- Record extracts:
────────────────
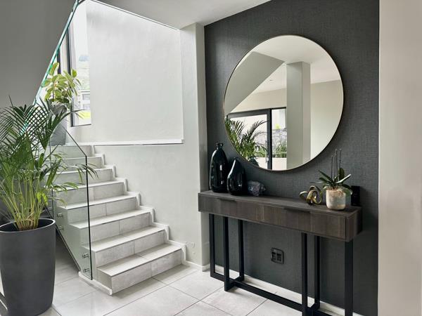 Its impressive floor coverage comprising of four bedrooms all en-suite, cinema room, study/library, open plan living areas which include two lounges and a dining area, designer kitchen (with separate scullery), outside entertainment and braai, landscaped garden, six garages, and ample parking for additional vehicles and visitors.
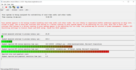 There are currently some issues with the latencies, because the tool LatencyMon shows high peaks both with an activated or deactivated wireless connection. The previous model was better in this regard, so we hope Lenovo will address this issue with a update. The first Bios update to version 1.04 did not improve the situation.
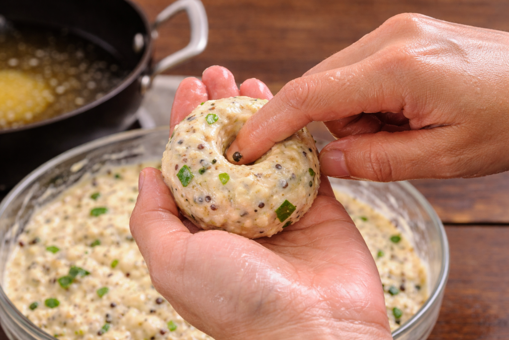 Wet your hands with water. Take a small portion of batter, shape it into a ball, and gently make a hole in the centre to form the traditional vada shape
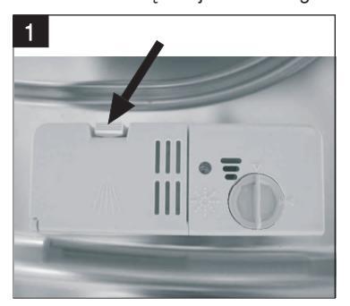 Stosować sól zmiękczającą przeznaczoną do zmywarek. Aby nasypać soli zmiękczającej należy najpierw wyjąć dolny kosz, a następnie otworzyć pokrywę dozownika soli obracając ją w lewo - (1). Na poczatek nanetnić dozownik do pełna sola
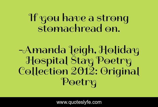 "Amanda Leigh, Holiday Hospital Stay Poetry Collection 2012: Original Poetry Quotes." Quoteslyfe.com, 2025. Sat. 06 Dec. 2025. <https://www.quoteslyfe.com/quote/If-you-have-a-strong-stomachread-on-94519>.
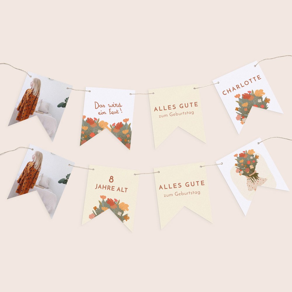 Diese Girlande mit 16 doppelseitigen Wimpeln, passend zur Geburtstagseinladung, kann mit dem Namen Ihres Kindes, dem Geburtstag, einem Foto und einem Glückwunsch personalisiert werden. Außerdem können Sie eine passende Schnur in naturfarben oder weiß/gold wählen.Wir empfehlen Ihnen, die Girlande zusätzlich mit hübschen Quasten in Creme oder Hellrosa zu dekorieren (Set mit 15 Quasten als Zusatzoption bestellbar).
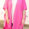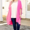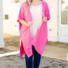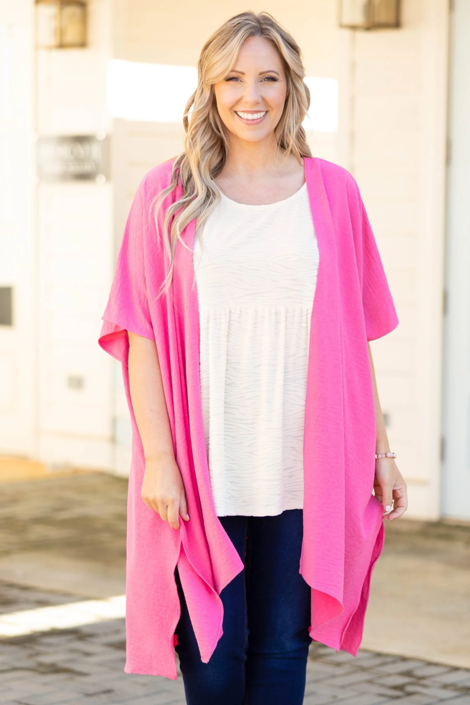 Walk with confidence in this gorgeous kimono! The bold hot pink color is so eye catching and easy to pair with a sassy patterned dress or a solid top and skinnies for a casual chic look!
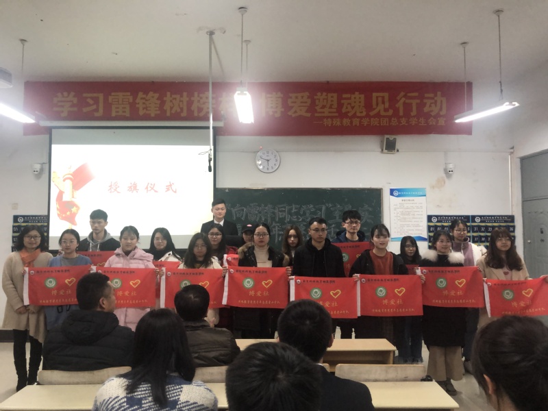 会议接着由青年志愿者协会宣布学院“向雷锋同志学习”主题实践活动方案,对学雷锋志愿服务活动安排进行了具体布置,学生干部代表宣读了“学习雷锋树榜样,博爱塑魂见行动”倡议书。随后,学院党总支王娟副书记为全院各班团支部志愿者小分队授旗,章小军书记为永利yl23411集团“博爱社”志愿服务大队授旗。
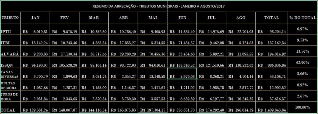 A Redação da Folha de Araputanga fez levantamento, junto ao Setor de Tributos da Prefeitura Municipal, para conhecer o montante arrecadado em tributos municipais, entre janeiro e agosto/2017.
────────────────
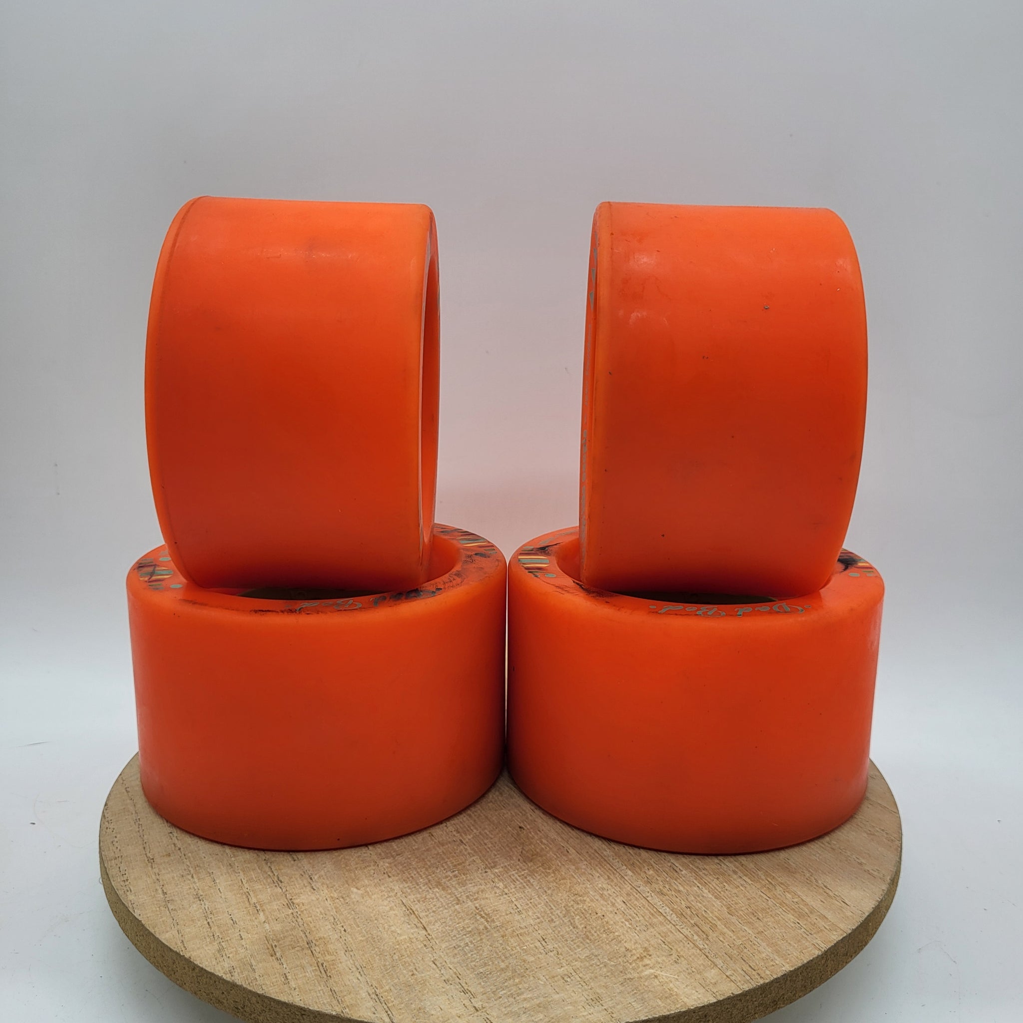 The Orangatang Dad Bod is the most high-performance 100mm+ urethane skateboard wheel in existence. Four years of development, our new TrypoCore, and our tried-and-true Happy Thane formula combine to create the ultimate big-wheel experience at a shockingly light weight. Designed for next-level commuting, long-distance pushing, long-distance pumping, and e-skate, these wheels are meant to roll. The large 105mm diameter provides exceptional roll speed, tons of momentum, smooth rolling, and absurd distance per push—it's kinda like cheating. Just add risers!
────────────────
- The problem: Everything above from the line containing "Wet your hands" through the line containing "Diese Girlande mit" must be repeated exactly, and the pictures must be left out.

- Output for this exercise:
 Wet your hands with water. Take a small portion of batter, shape it into a ball, and gently make a hole in the centre to form the traditional vada shape
 Stosować sól zmiękczającą przeznaczoną do zmywarek. Aby nasypać soli zmiękczającej należy najpierw wyjąć dolny kosz, a następnie otworzyć pokrywę dozownika soli obracając ją w lewo - (1). Na poczatek nanetnić dozownik do pełna sola
 "Amanda Leigh, Holiday Hospital Stay Poetry Collection 2012: Original Poetry Quotes." Quoteslyfe.com, 2025. Sat. 06 Dec. 2025. <https://www.quoteslyfe.com/quote/If-you-have-a-strong-stomachread-on-94519>.
 Diese Girlande mit 16 doppelseitigen Wimpeln, passend zur Geburtstagseinladung, kann mit dem Namen Ihres Kindes, dem Geburtstag, einem Foto und einem Glückwunsch personalisiert werden. Außerdem können Sie eine passende Schnur in naturfarben oder weiß/gold wählen.Wir empfehlen Ihnen, die Girlande zusätzlich mit hübschen Quasten in Creme oder Hellrosa zu dekorieren (Set mit 15 Quasten als Zusatzoption bestellbar).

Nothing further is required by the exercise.